# Taxidermy / Tannery Basics?



## BNicollCSU (Aug 1, 2010)

Hello,

I recently shot harvested a deer and asked the processor to save the hide so that I could have it tanned. I had a friend refer me to a taxidermist, who I called and said I would get the hide to him ASAP. I then had another friend tell me that I should look into sending the hide directly to a tannery because it would be cheaper by avoiding the middle man. So I started to search for tanneries. I am confused about a few things...

1. If I go through a taxidermist, do I still have to salt the hide myself? Or is that something the taxidermist would do as part of his service?

2. I'm confused about tannery prices. I would like to know what the difference is between a "lifesize", "half lifesize", "cape", and "hide" are. 

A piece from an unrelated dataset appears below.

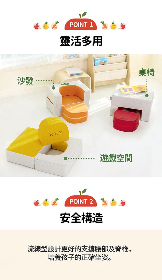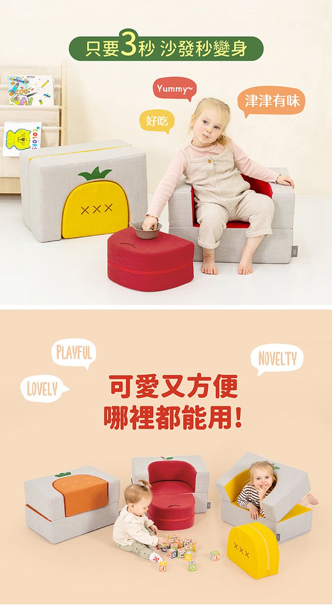 • ▲ 可愛蔬菜造型兒童沙發,3秒變身多用途

3. How do tanneries typically price for small game?

4. Is there any advantage to going through a taxidermist rather than sending the hide myself?

Thanks for taking the time to read and answer. I'm very inexperienced in the world of hide preservation.


----------



## Steelfishin (Jan 16, 2003)

Your going to send it in with eyes, ears, and lips turned and fleshed, then salted and dried if you don't the tannery will charge you for this service as they will not tan without it being done. Cost can range up to 100.00 on top of tanning cost. A full body tan includes the feet, half size is the front half with feet, cape is like all deer shoulder mounts and back skin is missing head and feet but just the body with hair on. Also you will have shipping to and from the tannery on top of tanning. Most tanning runs around 45 to 55 dollars for shoulder mounts from a tannery, minus the time to cape and turn eyes, ears, and lips along with salt. So tell me why worry about saving a couple bucks and just take it to a taxidermist and know its done correctly again? Sorry just always wondered why customers would look to save 20 bucks, but want blue ribbon work everytime. 

posted using Outdoor Hub Campfire


----------



## Paul Thompson (Jul 16, 2007)

Let me ask you this,, why do you salt a skin in the first place, other than the suggestion by the tannery that you do? A taxidermist knows why.

Why is it important to get it to a taxidermist asap vs. you tinkering on fleshing on it for hours?

That raw skin is starting to rot as soon as it hits the dirt. Who has the better chance of prepping the skin to stop the rotting process before getting the skin the tannery than you do?


----------